> _Input data_
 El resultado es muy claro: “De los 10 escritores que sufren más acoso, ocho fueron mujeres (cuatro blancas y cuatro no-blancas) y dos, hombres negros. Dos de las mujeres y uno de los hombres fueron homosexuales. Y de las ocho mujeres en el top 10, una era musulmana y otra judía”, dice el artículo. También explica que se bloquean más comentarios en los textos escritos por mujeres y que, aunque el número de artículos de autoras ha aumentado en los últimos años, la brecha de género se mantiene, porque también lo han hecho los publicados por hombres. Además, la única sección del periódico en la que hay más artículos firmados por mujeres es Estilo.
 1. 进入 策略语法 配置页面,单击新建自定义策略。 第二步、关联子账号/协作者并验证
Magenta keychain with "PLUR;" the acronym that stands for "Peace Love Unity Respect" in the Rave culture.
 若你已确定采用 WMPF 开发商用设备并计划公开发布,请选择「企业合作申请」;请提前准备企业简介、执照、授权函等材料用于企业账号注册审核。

* * *

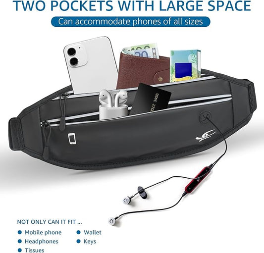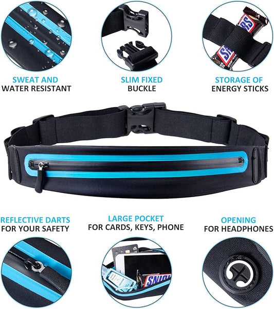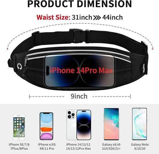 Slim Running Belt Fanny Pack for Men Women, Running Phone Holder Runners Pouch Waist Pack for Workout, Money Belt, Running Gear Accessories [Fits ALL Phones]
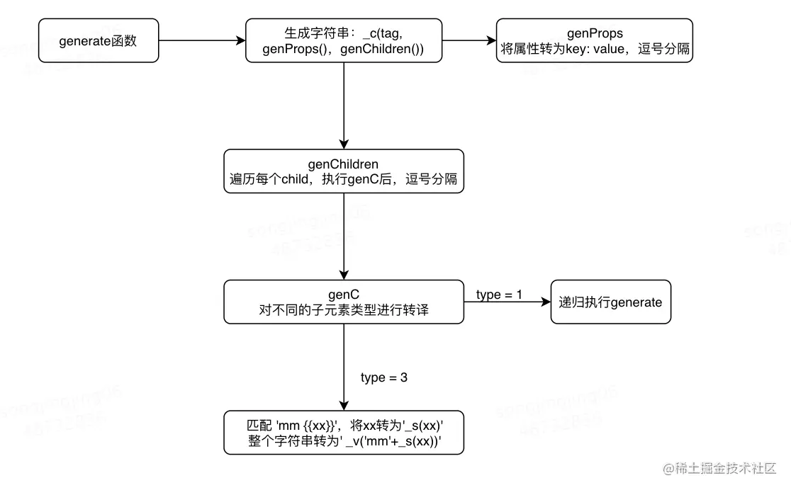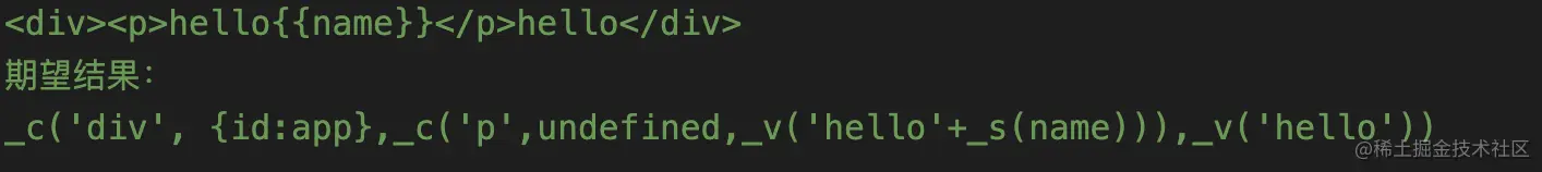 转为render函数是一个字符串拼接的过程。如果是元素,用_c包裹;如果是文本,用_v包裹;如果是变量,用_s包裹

* * *

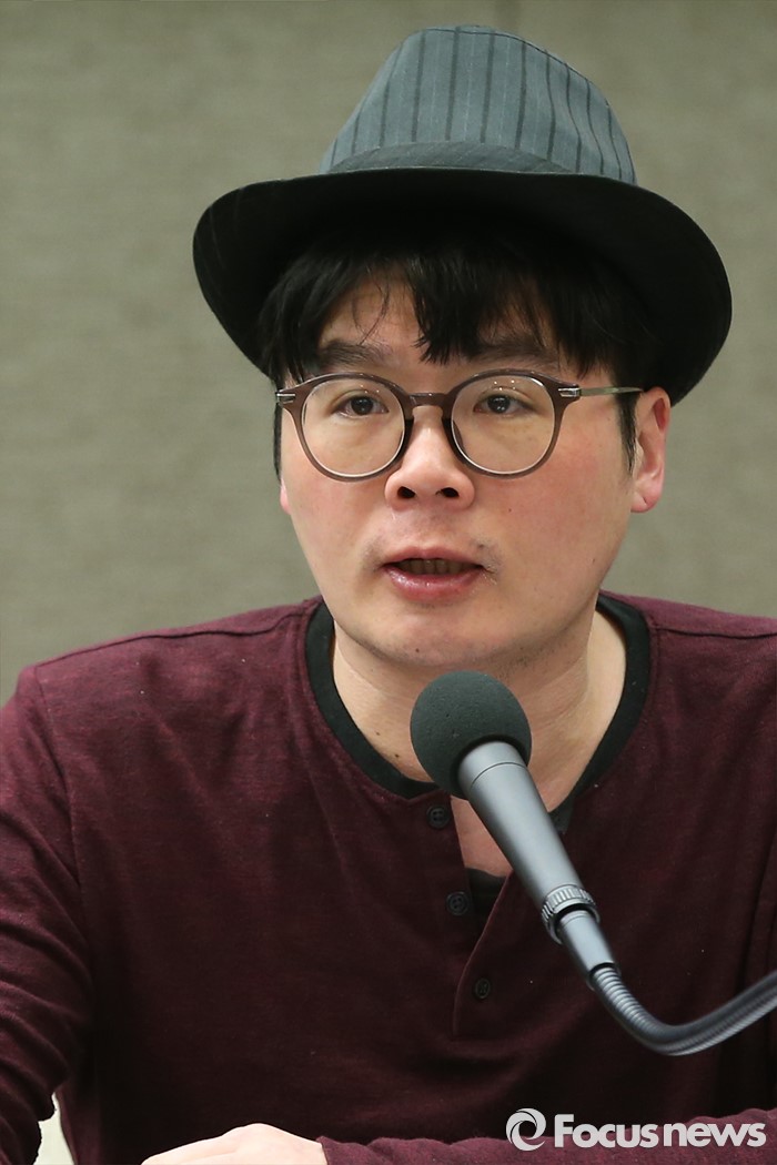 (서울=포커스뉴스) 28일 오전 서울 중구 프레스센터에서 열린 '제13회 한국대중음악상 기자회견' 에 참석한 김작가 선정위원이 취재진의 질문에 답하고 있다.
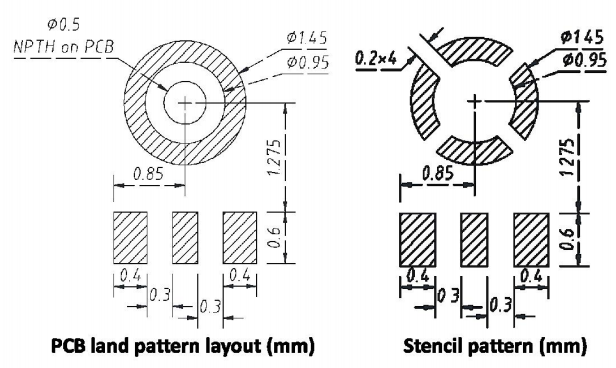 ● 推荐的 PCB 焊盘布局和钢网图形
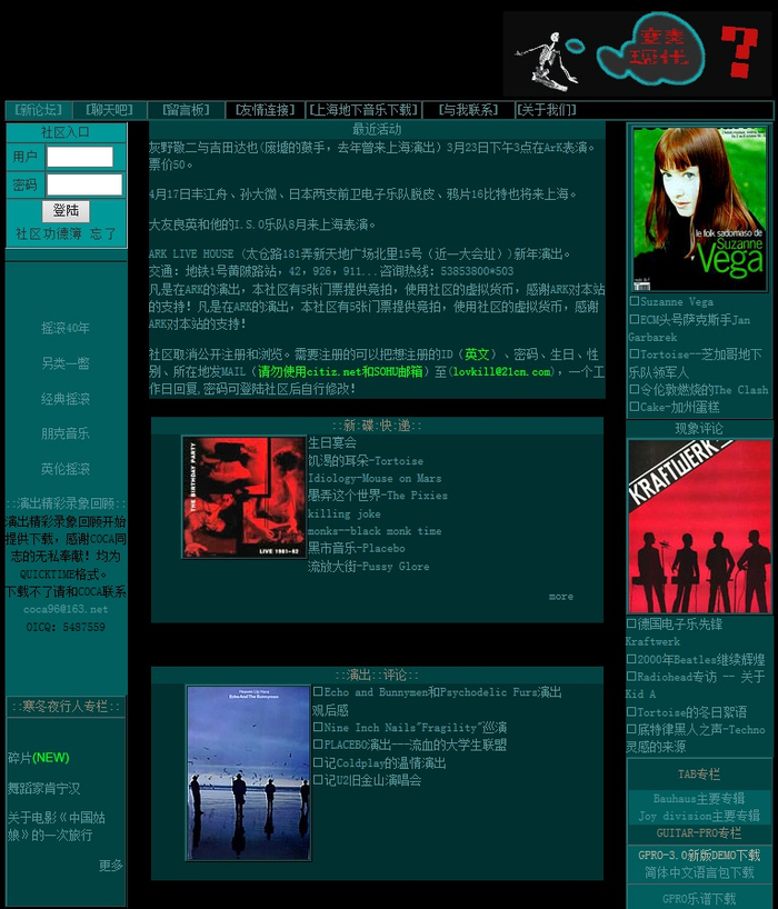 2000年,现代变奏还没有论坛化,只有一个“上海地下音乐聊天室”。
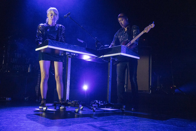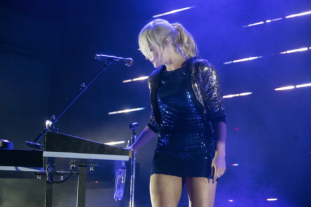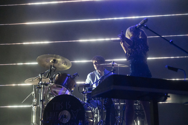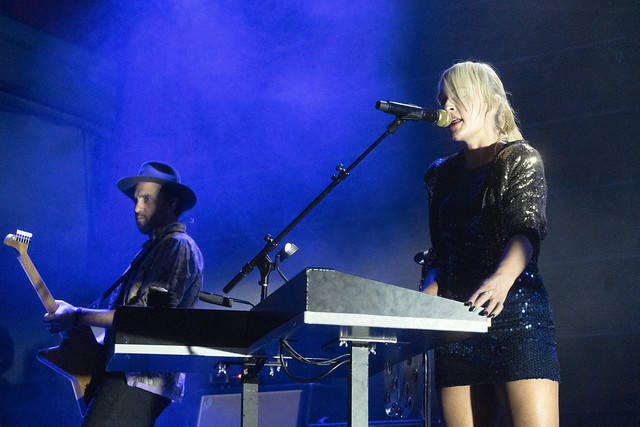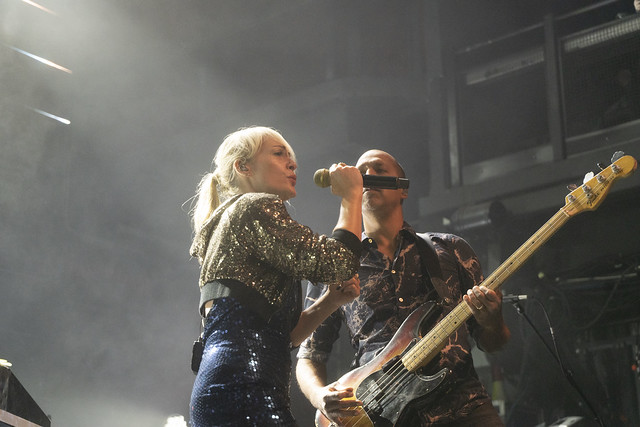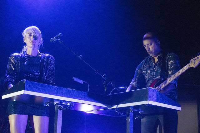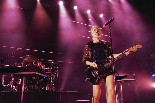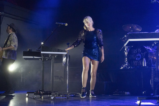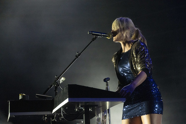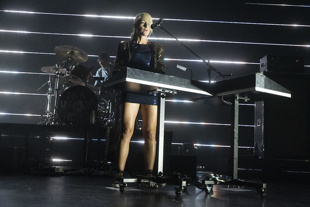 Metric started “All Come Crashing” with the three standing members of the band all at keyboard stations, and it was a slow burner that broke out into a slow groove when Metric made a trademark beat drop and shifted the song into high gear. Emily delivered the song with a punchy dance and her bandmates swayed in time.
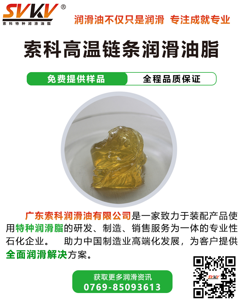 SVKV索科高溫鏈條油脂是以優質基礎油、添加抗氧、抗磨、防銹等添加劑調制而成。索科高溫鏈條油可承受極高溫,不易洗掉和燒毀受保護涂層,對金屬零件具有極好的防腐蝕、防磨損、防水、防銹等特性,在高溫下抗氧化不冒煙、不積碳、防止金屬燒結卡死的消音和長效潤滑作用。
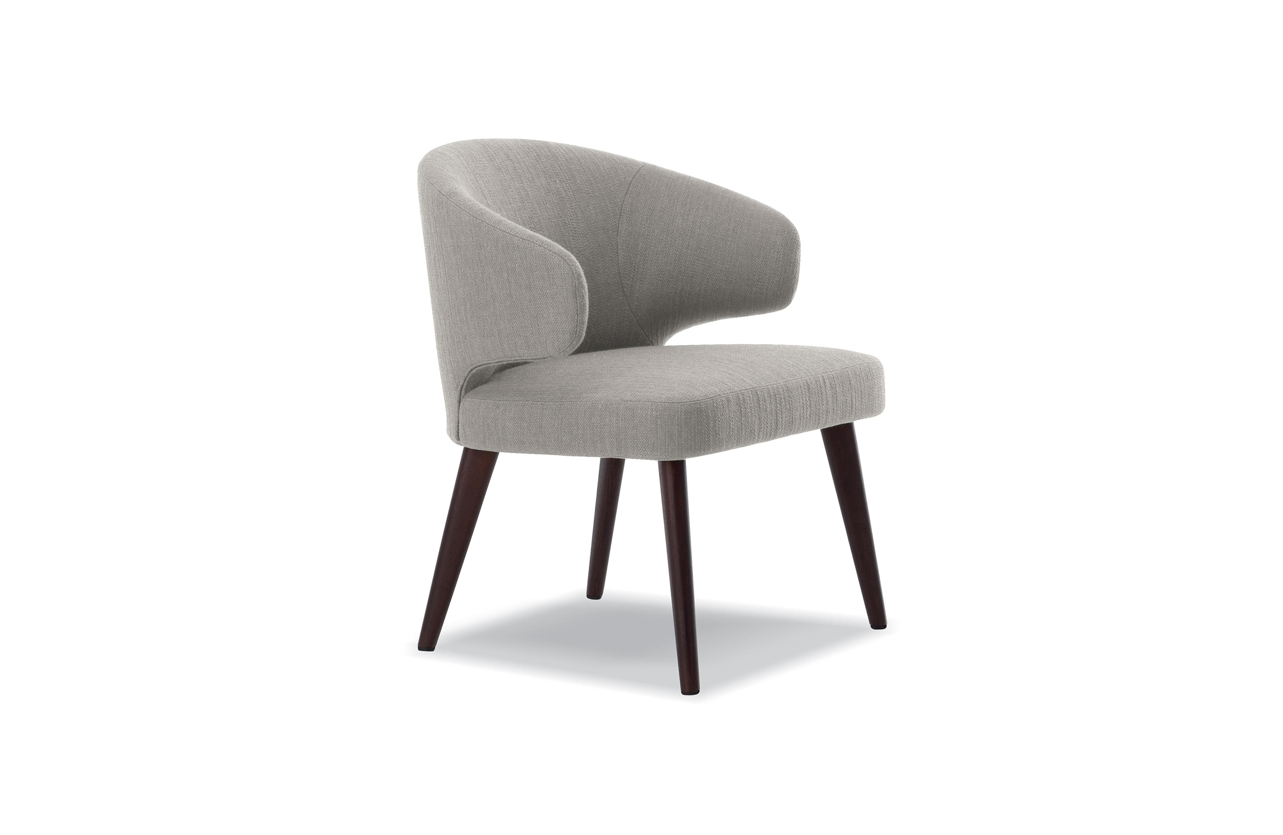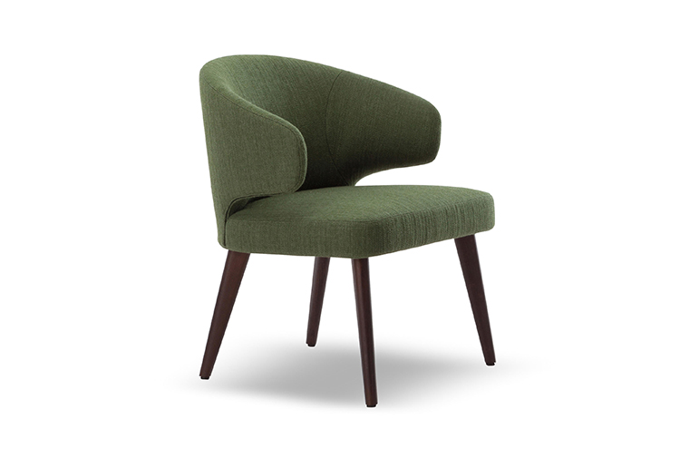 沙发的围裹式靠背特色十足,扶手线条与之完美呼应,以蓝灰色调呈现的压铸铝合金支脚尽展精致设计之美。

> _Try it_
Above are the records; copy from them only the lines starting at the one containing "(서울=포커스뉴스) 28일 오전" and ending at the one containing "沙发的围裹式靠背特色十足,扶", exactly and without pictures.

> _Finished exercise_
 (서울=포커스뉴스) 28일 오전 서울 중구 프레스센터에서 열린 '제13회 한국대중음악상 기자회견' 에 참석한 김작가 선정위원이 취재진의 질문에 답하고 있다.
 ● 推荐的 PCB 焊盘布局和钢网图形
 2000年,现代变奏还没有论坛化,只有一个“上海地下音乐聊天室”。
 Metric started “All Come Crashing” with the three standing members of the band all at keyboard stations, and it was a slow burner that broke out into a slow groove when Metric made a trademark beat drop and shifted the song into high gear. Emily delivered the song with a punchy dance and her bandmates swayed in time.
 SVKV索科高溫鏈條油脂是以優質基礎油、添加抗氧、抗磨、防銹等添加劑調制而成。索科高溫鏈條油可承受極高溫,不易洗掉和燒毀受保護涂層,對金屬零件具有極好的防腐蝕、防磨損、防水、防銹等特性,在高溫下抗氧化不冒煙、不積碳、防止金屬燒結卡死的消音和長效潤滑作用。
 沙发的围裹式靠背特色十足,扶手线条与之完美呼应,以蓝灰色调呈现的压铸铝合金支脚尽展精致设计之美。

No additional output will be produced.